You’re absolutely right, there is definitely an irony there, that these Angles and Saxons weren’t originally from Britain; they came as migrants. They migrated from modern-day Germany, the Netherlands and other areas in the northern regions of Europe. And we can connect to the Puritans or the English who came over to the Americas. The terms are always softened to say they migrated, “just like the Angles and the Saxons,” but when it’s “other” people, that language is never as soft, whether they’re “invading” or “immigrants are taking over.”
How has the use of the term “Anglo-Saxon” evolved, if at all?
It was always used for propaganda. It’s always been weaponized for nationalist reasons. People generally don’t know that there has always been this conflict in terms of the use of it. My colleague Erik Wade and I are discovering that even back 150 years ago, there were scholars, predominantly in Britain, who were saying, “No, you’re using this term that is historically incorrect.” So it’s almost like we just keep going through this same sort of cycle every 200 years.

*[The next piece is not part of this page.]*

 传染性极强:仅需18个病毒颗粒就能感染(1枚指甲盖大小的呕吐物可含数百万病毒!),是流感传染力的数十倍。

Is there a particular political or social context that tends to surround the moments when people look back to so-called “Anglo-Saxon political traditions”? What are the most famous examples of people using and misusing the term?

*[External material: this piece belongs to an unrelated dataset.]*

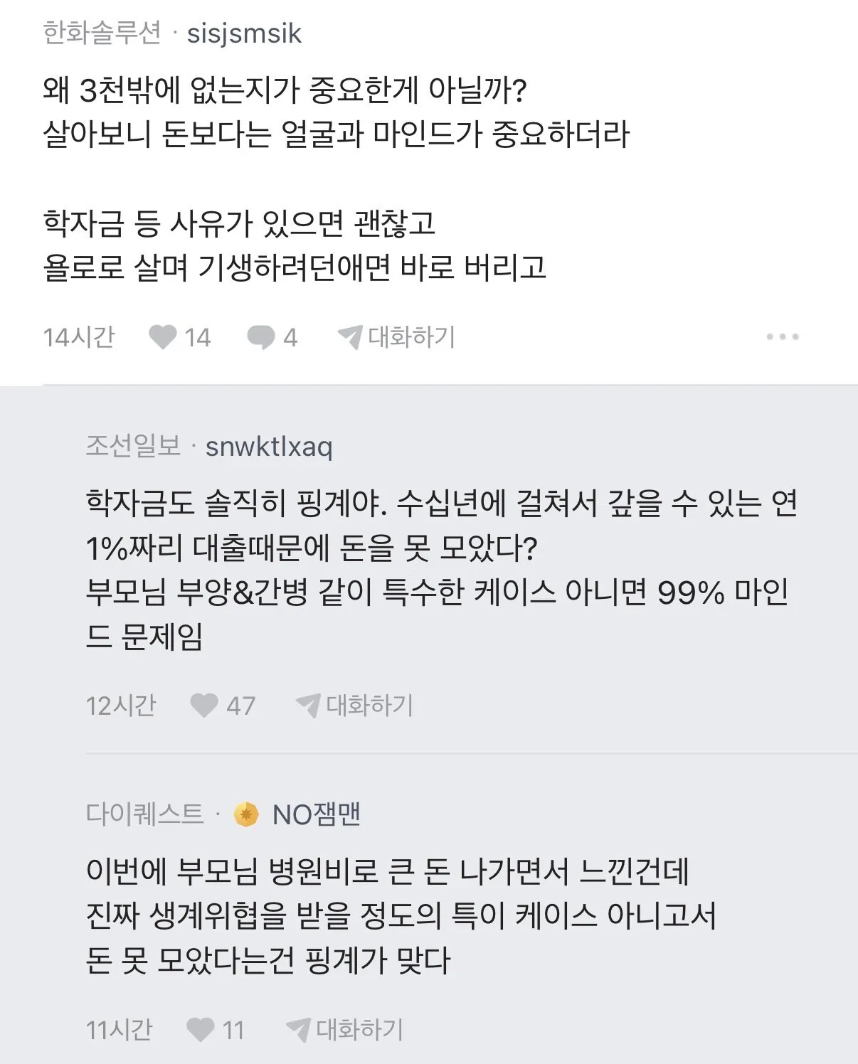 자기도 3천 모았다고 하고 반응을 봤어야지 ㅋㅋㅋ 벌이가 뻔했으면 집안에 큰 일 당해서 모은 거 다 썼다고 해서라도

Thomas Jefferson perpetuated the Anglo-Saxon myth. His idea of what America should be was the next England. He referred to it as the Anglo-Saxon project. Teddy Roosevelt, famous for the invasion of Cuba with his Rough Riders, had a copy of a racist manifesto called Anglo-Saxon Superiority. John Powell founded a white supremacist organization in the U.S. in the 1920s called the Anglo Saxon Clubs of America, and they petitioned to pass legislation in Virginia in 1924 [called] the Racial Integrity Act. Winston Churchill used this rhetoric during World War II, when he said, “why be apologetic about Anglo-Saxon superiority.” And we see it resurface during the Brexit.
So where do the “Anglo-Saxon political traditions” in the “America First Caucus” document that went viral over the weekend fit into this history?
It’s a blanket misunderstanding of the past and weaponizing that for far-right purposes. They’re just picking up on these words and terms and phrases that have been used and misused for so long—but I do appreciate that people were really pushing back. It was good to see the general public debate.
What does a focus on so-called Anglo-Saxon history miss?
Learning about English history—even within America, Canada, Australia, South Africa—we learn it from an English colonizer perspective. This does erase very important points about diversity in early England. England is not a self-made country. At the end of the day, it was people who were coming from abroad who have enriched England, to make it what it is.
Even if U.S. House Rep. Marjorie Taylor Greene’s office now says there won’t be an “America First Caucus” launching with a platform explicitly calling for respecting “Anglo-Saxon political traditions,” why does it still matter to talk about it?
The thing is, that the rhetoric is already there, and it’s been there for centuries. It’s new for some people, but it’s not as new as people think. And that’s not to say that this won’t resurface again. Even if they soften the language, it still doesn’t take away from the dangers that are there, and she’s not one to shy away from those sorts of controversies. So it’s important that we correct those narratives and stay on guard.